## Supplied data
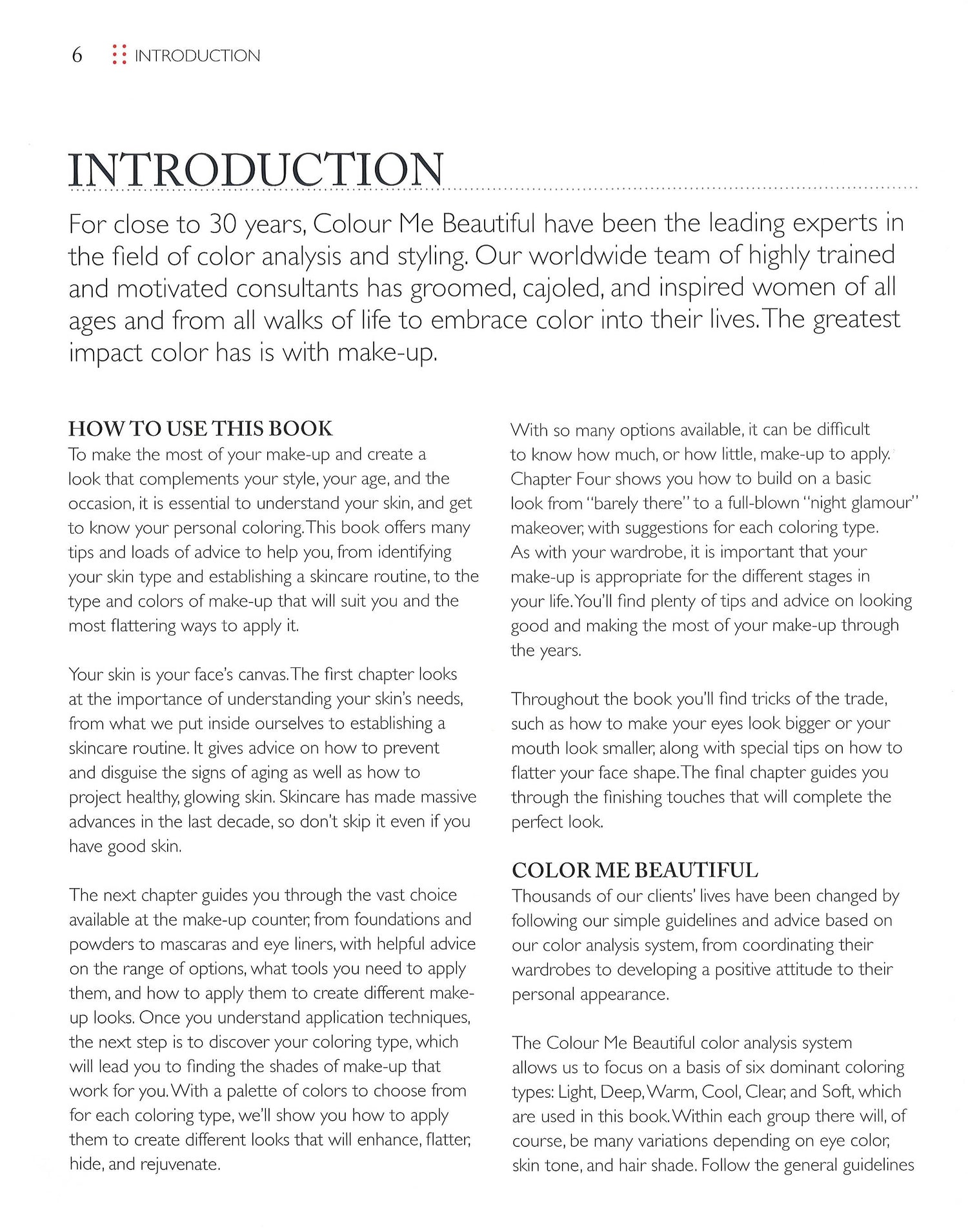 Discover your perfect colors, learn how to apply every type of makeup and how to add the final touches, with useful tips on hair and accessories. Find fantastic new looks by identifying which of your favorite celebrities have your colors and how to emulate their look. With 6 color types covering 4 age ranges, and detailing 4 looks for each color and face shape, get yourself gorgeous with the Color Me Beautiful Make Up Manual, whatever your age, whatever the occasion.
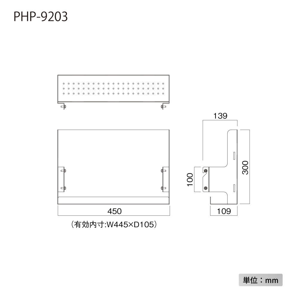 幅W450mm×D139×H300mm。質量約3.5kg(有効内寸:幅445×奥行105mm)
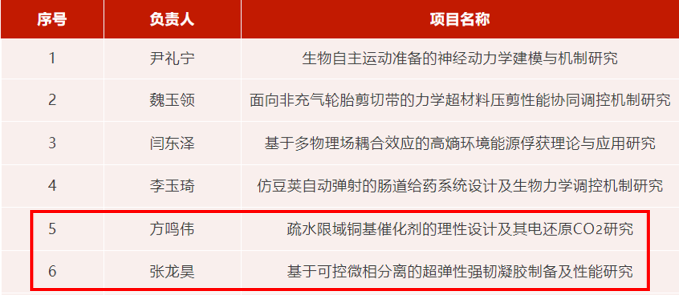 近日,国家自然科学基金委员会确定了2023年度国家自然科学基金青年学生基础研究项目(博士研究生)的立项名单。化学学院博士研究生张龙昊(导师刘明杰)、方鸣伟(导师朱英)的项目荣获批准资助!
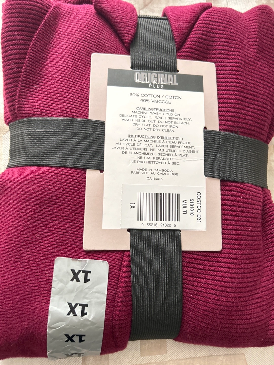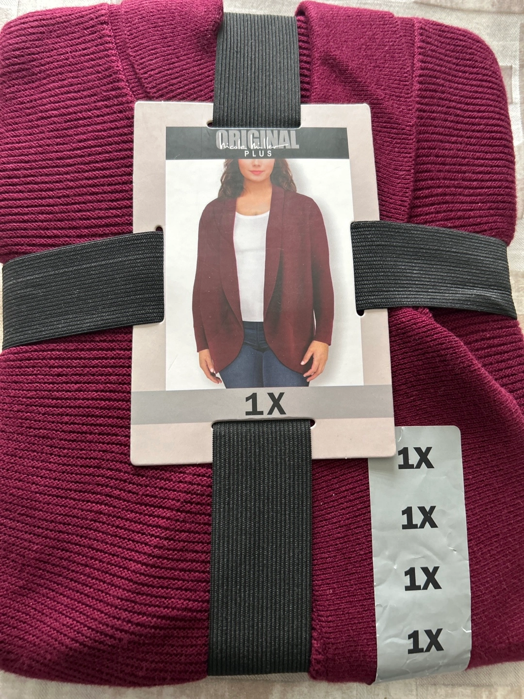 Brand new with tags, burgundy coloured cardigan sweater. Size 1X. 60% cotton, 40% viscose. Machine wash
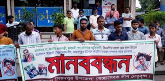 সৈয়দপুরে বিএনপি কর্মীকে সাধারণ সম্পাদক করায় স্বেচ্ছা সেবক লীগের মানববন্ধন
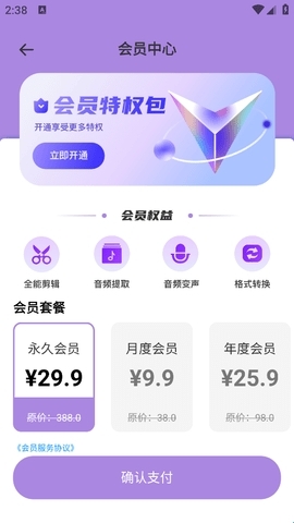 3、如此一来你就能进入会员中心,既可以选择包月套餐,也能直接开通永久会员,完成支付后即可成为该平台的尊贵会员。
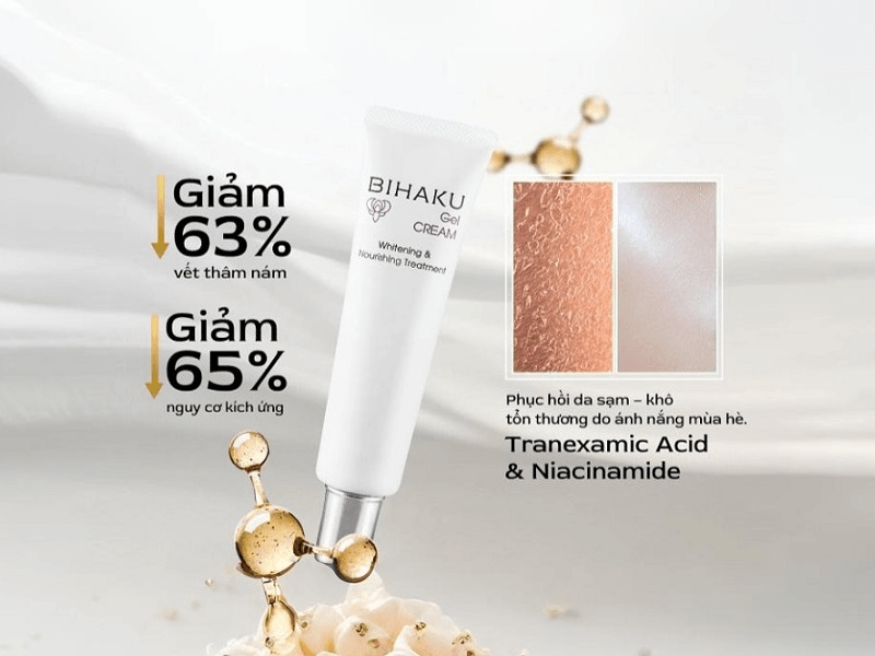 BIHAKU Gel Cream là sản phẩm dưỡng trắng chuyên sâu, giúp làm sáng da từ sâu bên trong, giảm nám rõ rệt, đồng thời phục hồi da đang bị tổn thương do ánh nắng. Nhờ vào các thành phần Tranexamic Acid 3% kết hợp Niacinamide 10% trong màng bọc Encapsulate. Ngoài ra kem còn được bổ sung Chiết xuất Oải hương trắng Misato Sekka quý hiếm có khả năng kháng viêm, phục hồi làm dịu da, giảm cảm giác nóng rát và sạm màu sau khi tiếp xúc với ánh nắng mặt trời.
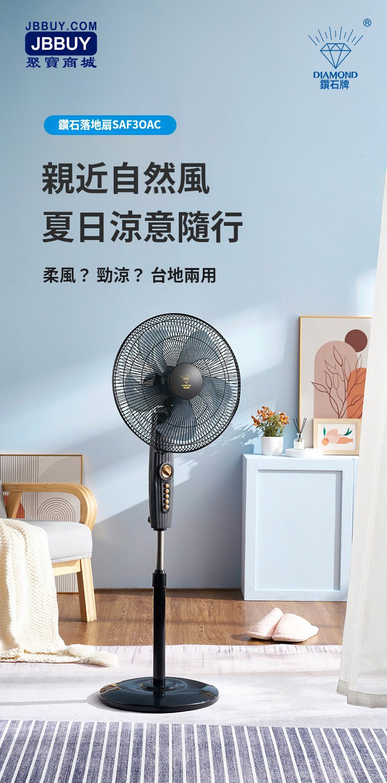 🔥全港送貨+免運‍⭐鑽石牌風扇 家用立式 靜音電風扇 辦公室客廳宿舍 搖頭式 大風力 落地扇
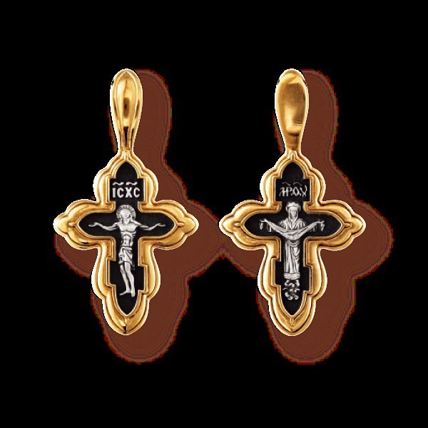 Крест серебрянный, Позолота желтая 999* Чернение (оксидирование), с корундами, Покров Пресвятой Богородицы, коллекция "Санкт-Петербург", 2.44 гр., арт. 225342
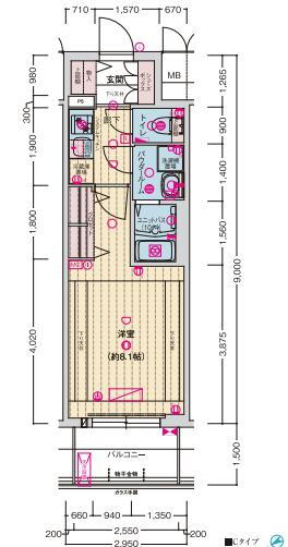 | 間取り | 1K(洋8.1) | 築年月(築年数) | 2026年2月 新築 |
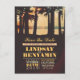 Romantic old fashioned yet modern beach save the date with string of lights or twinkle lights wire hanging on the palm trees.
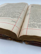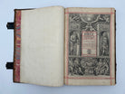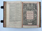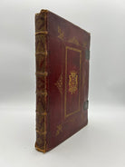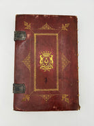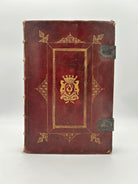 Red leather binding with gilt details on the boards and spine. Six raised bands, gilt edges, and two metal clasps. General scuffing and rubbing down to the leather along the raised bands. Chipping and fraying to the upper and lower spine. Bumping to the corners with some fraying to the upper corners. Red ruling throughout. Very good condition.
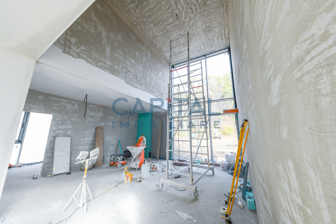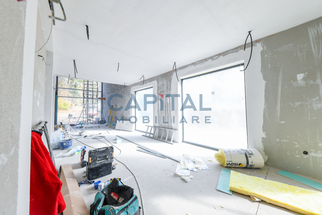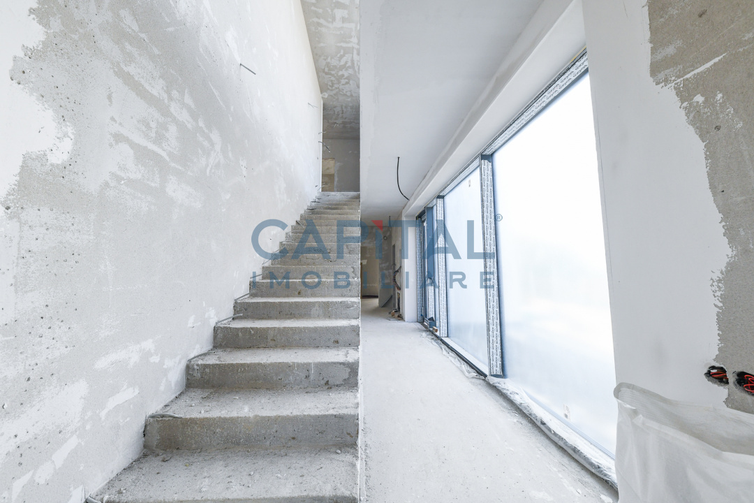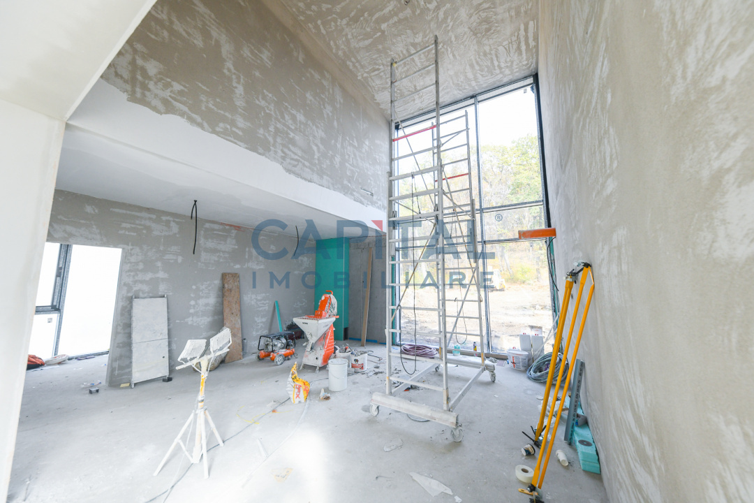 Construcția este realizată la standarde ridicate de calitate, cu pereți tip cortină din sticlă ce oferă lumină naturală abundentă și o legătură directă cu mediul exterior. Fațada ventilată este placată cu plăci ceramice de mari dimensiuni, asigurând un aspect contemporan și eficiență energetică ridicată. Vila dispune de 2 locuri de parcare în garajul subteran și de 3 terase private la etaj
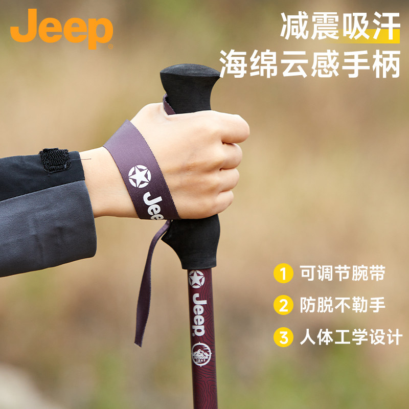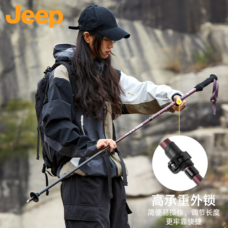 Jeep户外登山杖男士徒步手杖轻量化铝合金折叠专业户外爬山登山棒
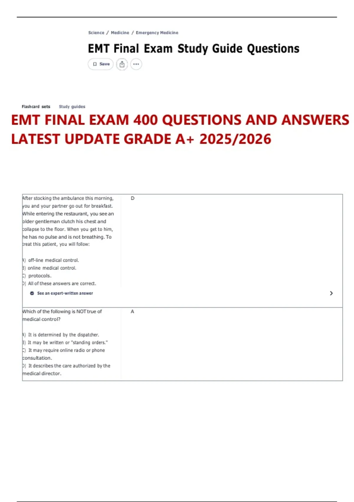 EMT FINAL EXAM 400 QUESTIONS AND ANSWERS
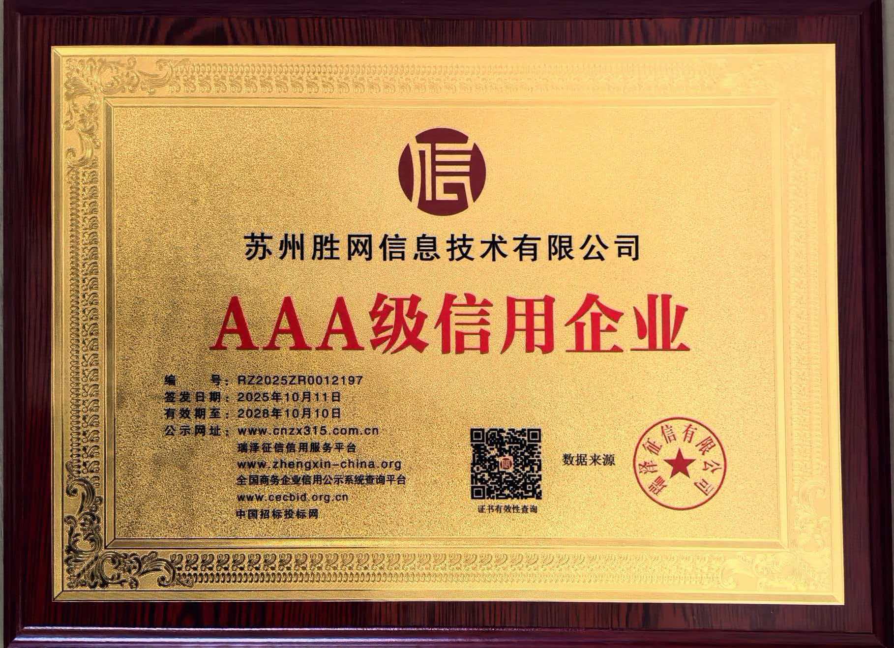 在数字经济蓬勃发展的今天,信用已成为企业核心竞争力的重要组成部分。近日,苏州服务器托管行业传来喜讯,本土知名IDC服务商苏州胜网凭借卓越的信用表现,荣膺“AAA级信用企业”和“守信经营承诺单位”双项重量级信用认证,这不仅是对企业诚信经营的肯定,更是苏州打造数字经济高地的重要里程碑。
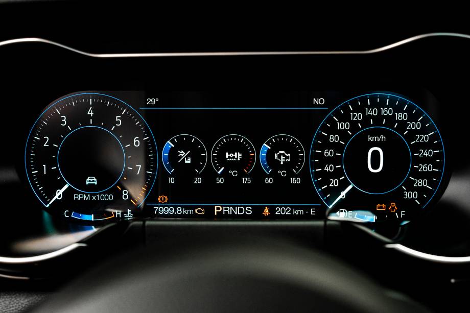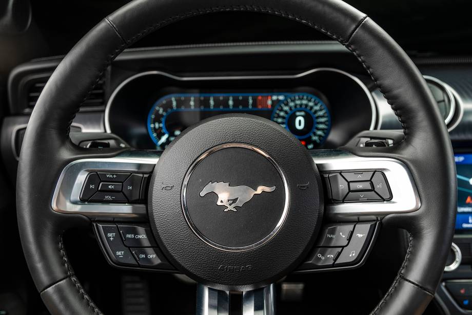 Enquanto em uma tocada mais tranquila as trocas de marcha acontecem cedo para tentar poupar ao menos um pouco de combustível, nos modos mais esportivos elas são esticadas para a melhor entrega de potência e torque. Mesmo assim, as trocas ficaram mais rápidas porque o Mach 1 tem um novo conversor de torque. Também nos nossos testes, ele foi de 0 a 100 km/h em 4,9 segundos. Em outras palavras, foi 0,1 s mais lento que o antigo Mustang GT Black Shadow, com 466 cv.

## Requirement
The reply must hold every line above exactly as written and none of the pictures.

## Task output
 Discover your perfect colors, learn how to apply every type of makeup and how to add the final touches, with useful tips on hair and accessories. Find fantastic new looks by identifying which of your favorite celebrities have your colors and how to emulate their look. With 6 color types covering 4 age ranges, and detailing 4 looks for each color and face shape, get yourself gorgeous with the Color Me Beautiful Make Up Manual, whatever your age, whatever the occasion.
 幅W450mm×D139×H300mm。質量約3.5kg(有効内寸:幅445×奥行105mm)
 近日,国家自然科学基金委员会确定了2023年度国家自然科学基金青年学生基础研究项目(博士研究生)的立项名单。化学学院博士研究生张龙昊(导师刘明杰)、方鸣伟(导师朱英)的项目荣获批准资助!
 Brand new with tags, burgundy coloured cardigan sweater. Size 1X. 60% cotton, 40% viscose. Machine wash
 সৈয়দপুরে বিএনপি কর্মীকে সাধারণ সম্পাদক করায় স্বেচ্ছা সেবক লীগের মানববন্ধন
 3、如此一来你就能进入会员中心,既可以选择包月套餐,也能直接开通永久会员,完成支付后即可成为该平台的尊贵会员。
 BIHAKU Gel Cream là sản phẩm dưỡng trắng chuyên sâu, giúp làm sáng da từ sâu bên trong, giảm nám rõ rệt, đồng thời phục hồi da đang bị tổn thương do ánh nắng. Nhờ vào các thành phần Tranexamic Acid 3% kết hợp Niacinamide 10% trong màng bọc Encapsulate. Ngoài ra kem còn được bổ sung Chiết xuất Oải hương trắng Misato Sekka quý hiếm có khả năng kháng viêm, phục hồi làm dịu da, giảm cảm giác nóng rát và sạm màu sau khi tiếp xúc với ánh nắng mặt trời.
 🔥全港送貨+免運‍⭐鑽石牌風扇 家用立式 靜音電風扇 辦公室客廳宿舍 搖頭式 大風力 落地扇
 Крест серебрянный, Позолота желтая 999* Чернение (оксидирование), с корундами, Покров Пресвятой Богородицы, коллекция "Санкт-Петербург", 2.44 гр., арт. 225342
 | 間取り | 1K(洋8.1) | 築年月(築年数) | 2026年2月 新築 |
 Romantic old fashioned yet modern beach save the date with string of lights or twinkle lights wire hanging on the palm trees.
 Red leather binding with gilt details on the boards and spine. Six raised bands, gilt edges, and two metal clasps. General scuffing and rubbing down to the leather along the raised bands. Chipping and fraying to the upper and lower spine. Bumping to the corners with some fraying to the upper corners. Red ruling throughout. Very good condition.
 Construcția este realizată la standarde ridicate de calitate, cu pereți tip cortină din sticlă ce oferă lumină naturală abundentă și o legătură directă cu mediul exterior. Fațada ventilată este placată cu plăci ceramice de mari dimensiuni, asigurând un aspect contemporan și eficiență energetică ridicată. Vila dispune de 2 locuri de parcare în garajul subteran și de 3 terase private la etaj
 Jeep户外登山杖男士徒步手杖轻量化铝合金折叠专业户外爬山登山棒
 EMT FINAL EXAM 400 QUESTIONS AND ANSWERS
 在数字经济蓬勃发展的今天,信用已成为企业核心竞争力的重要组成部分。近日,苏州服务器托管行业传来喜讯,本土知名IDC服务商苏州胜网凭借卓越的信用表现,荣膺“AAA级信用企业”和“守信经营承诺单位”双项重量级信用认证,这不仅是对企业诚信经营的肯定,更是苏州打造数字经济高地的重要里程碑。
 Enquanto em uma tocada mais tranquila as trocas de marcha acontecem cedo para tentar poupar ao menos um pouco de combustível, nos modos mais esportivos elas são esticadas para a melhor entrega de potência e torque. Mesmo assim, as trocas ficaram mais rápidas porque o Mach 1 tem um novo conversor de torque. Também nos nossos testes, ele foi de 0 a 100 km/h em 4,9 segundos. Em outras palavras, foi 0,1 s mais lento que o antigo Mustang GT Black Shadow, com 466 cv.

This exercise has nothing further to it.